The need to increase knowledge on JF applicability as novel food for humans can be demonstrated by the presence of other potential microbiological safety hazards associated with them, such as discrete counts of microorganisms with halophilic/halotolerant characteristics not revealed by the regulated criteria and counting methods for foods in force in Europe. Although preliminary in their application, the saline media can be useful in the detection of both bacteria and yeast and molds during treatment steps of JF derived products. Even though traditional culture-dependent methods, generally applied in accredited methods, provide information regarding only the cultivable part (1–5%) of the total microbial community [40], this last one can be considered representative of that obtained from a culture-independent approach [41].

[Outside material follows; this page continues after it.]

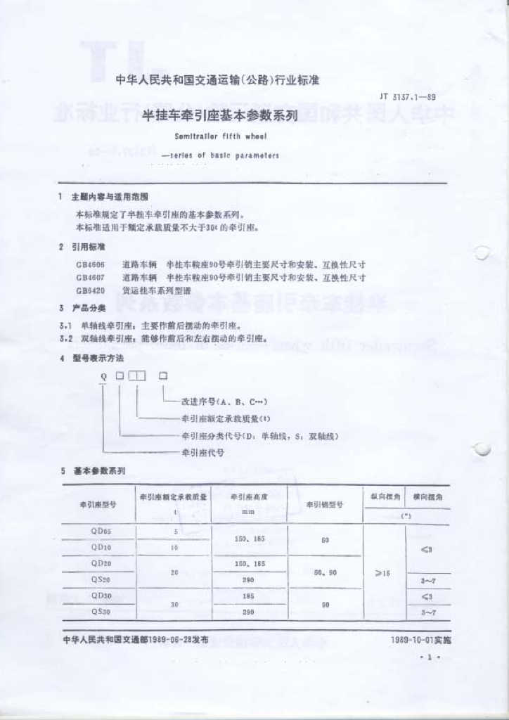 JT 3137.1-1989 半挂车牵引座基本参数系列

Fungi belonging to different genera Aspergillus, Cladosporium, Purpureocillium, and Tilletiopsis were isolated as JF-associated microorganisms in Nemopilema nomurai [42], whereas the possible pathogenic activity, in terms of toxins produced by endobiotic bacteria in JF species Cyanea capillata and C. lamarckii, has been suggested by Schuett and Doepke [43]. The presence of possible endosymbiontic bacteria has also been suggested in tissue of Aurelia aurita [44]. However, at the present time, the actual relationship between JF and bacteria (Stenotrophomonas spp., Alteromonas spp., Pseudoalteromonas spp. and Vibrio spp.) in terms of tissue residence has not been determined [41,45]. At the moment, studies on the interaction, persistence and metabolic activities of these microorganisms in JF and JF-derived novel foods are not available. Moreover, only few examples characterizing secondary metabolites produced by JF-associated actinomycetes and fungi have been produced [46,47,48,49]. This study demonstrates that new tools for safety and quality assessment of this novel food are necessary in the next future.

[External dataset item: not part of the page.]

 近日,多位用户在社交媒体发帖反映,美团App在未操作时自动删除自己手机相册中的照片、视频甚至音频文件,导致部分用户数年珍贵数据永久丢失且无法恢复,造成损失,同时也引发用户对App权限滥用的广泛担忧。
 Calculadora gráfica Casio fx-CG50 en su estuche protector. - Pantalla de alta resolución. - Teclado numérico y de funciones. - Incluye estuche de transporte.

Experiments are now in progress for the identification and characterization of bacteria and fungi isolated from JF together with their possible toxic or beneficial metabolites, in order to discover their possible negative (i.e., new pathogens) or positive (i.e., probiotics) role for humans. Future studies should consider metagenomics and metabolomics approaches for the analysis of raw and processed JF for obtaining information on total microbiota associated to JF and qualitative and quantitative data on microbial metabolites.

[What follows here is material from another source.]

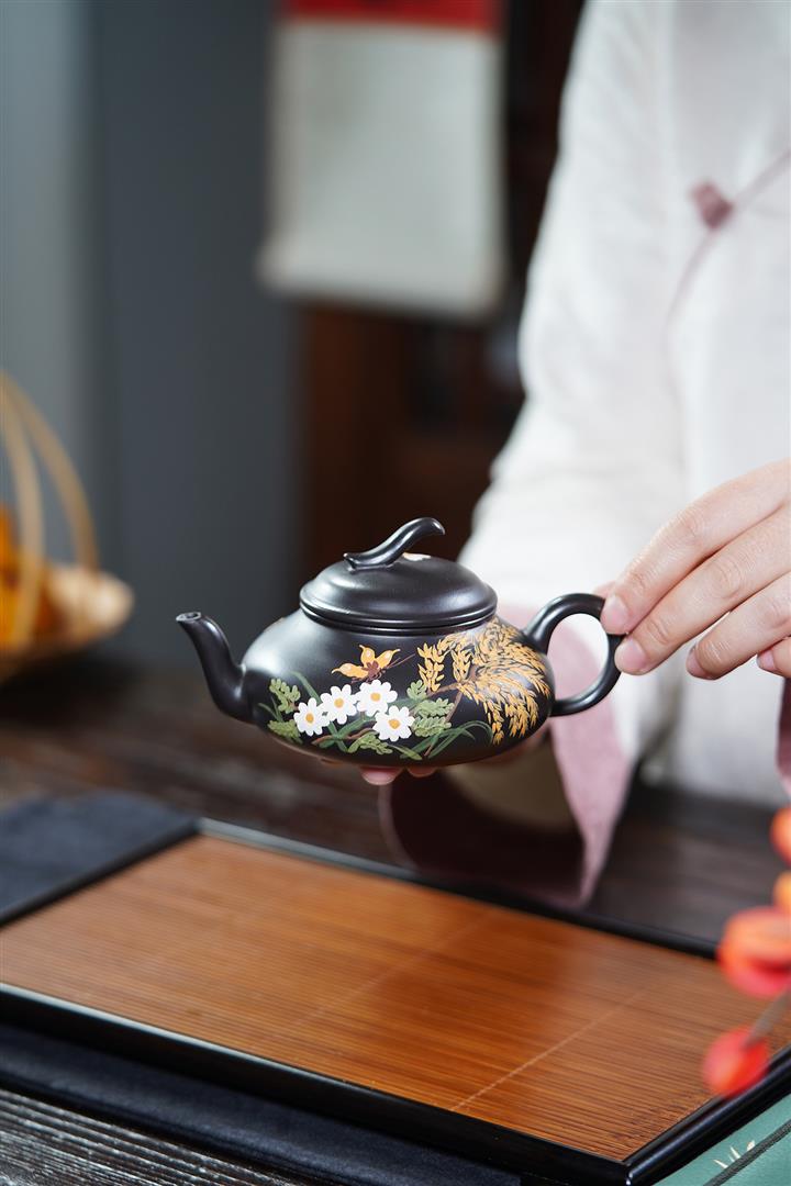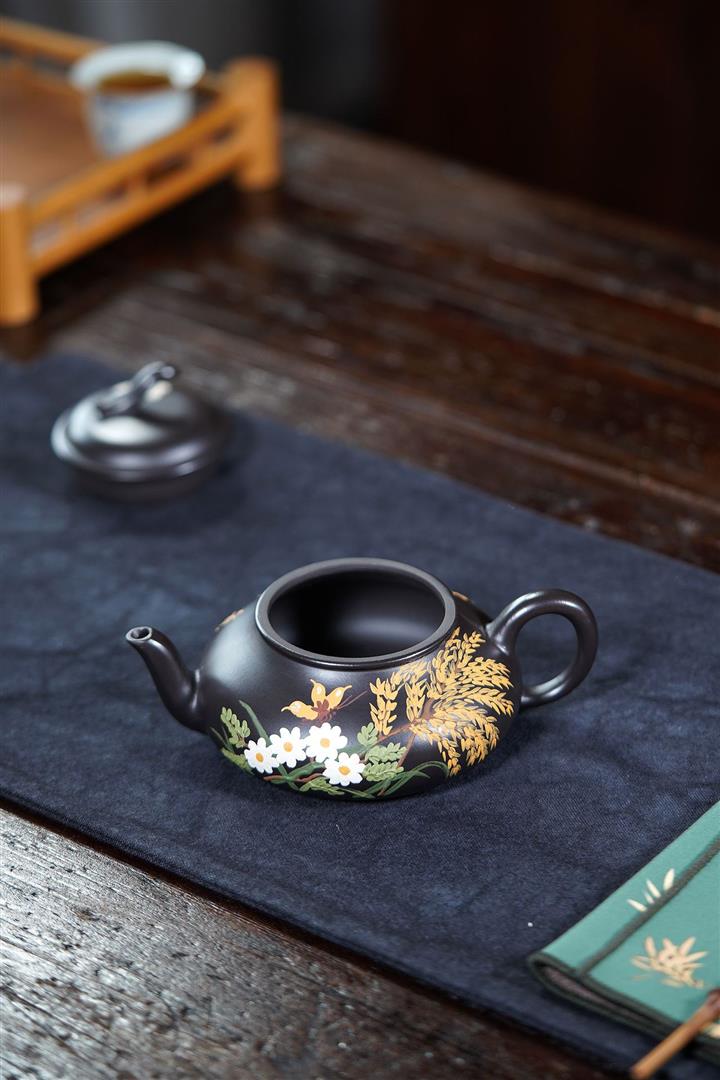 230cc原礦黑泥蝶戀花豐收茶壺POT9009

Rhizostoma pulmo (known as sea lung or barrel JF) was used here as model organism, since it is considered edible in some Asian countries [20] and it has also been recently considered one of JF species in setting up a possible new method to obtain a potential human food or food ingredients for European Countries [11,12,13]. The set of parameters proposed in this study should be applied and validated also for other abundant and putatively edible JF species in Mediterranean Basin (i.e., Aurelia aurita, Cotylorhiza tuberculata, Rhopilema nomadica, etc) suitable to be used as novel foods in Western countries.

5. Conclusions

In this study, a collection of quality and safety parameters together with “process hygiene criteria” were identified and applied for assessment of JF as novel food in Europe. The results here reported indicate the importance of basic JF treatments by separating the umbrella and oral arms, by eliminating gastric contents followed by extensively washing the material with fresh water in order to maintain good quality and safety levels before processing to obtain a final product. These findings provide experimental data on the thousand-year old practice of JF pre-treatment in Asian Countries.

The use of optimized saline media is proposed here as an important emerging tool for going beyond the limits of conventional accredited methods for safety risk assessment of JF as human food. The present results, although preliminary, are in line with Commission Regulation (EC) N. 2073/2005 [21], where it is clearly expressed that the microbiological criteria already set are open to review and supplementing by considering “progress in science, technology and methodology, changes in prevalence and contamination levels, (…) as well as the possible outputs from risk assessments”.